### WHAT YOU HAVE TO DO:
Give back exactly the lines from the one holding "Ishin Poly Silk" to the bottom of the material, both included, and nothing more. No pictures.

### DATA PROVIDED:
"""

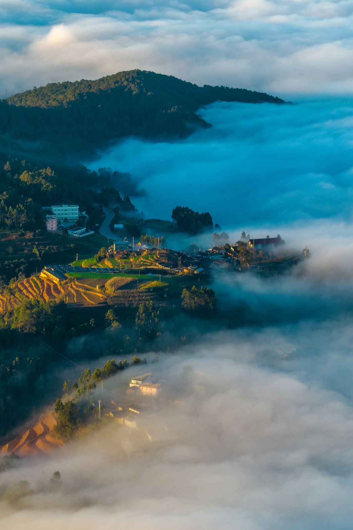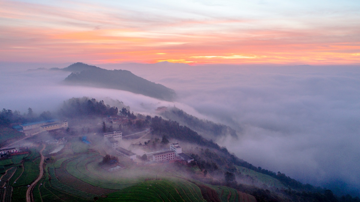 清晨的爱尼山乡旧哨村,云海如期而至。
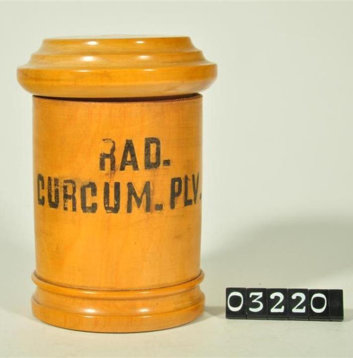 Hellbraune, zylinderförmige Holzdose (Holzbüchse) mit abgesetztem Standfuß bestehend aus Halbrundstab, Kehlung und geradem Abschluss. Flacher Stülpdeckel mit gerundetem Deckelrand und darüber zwei Kehlungen. Schwarz signiert
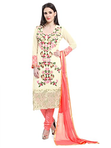 Ishin Poly Silk White & Peach Bollywood Embroidered Unstitched Dress Material
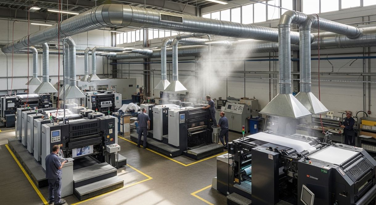 Современная типография — это сложный производственный комплекс, где на ограниченной площади одновременно работают люди и десятки единиц оборудования, выделяющего тепло, испарения и мелкодисперсную пыль. Без грамотно спроектированной системы воздухообмена производство попросту задохнется: концентрация летучих органических соединений от красок и смывок быстро достигнет опасных пределов, а мельчайшие частицы бумаги и пудры будут оседать на всем оборудовании, вызывая его преждевременный износ.

"""

### TASK OUTPUT:
 Ishin Poly Silk White & Peach Bollywood Embroidered Unstitched Dress Material
 Современная типография — это сложный производственный комплекс, где на ограниченной площади одновременно работают люди и десятки единиц оборудования, выделяющего тепло, испарения и мелкодисперсную пыль. Без грамотно спроектированной системы воздухообмена производство попросту задохнется: концентрация летучих органических соединений от красок и смывок быстро достигнет опасных пределов, а мельчайшие частицы бумаги и пудры будут оседать на всем оборудовании, вызывая его преждевременный износ.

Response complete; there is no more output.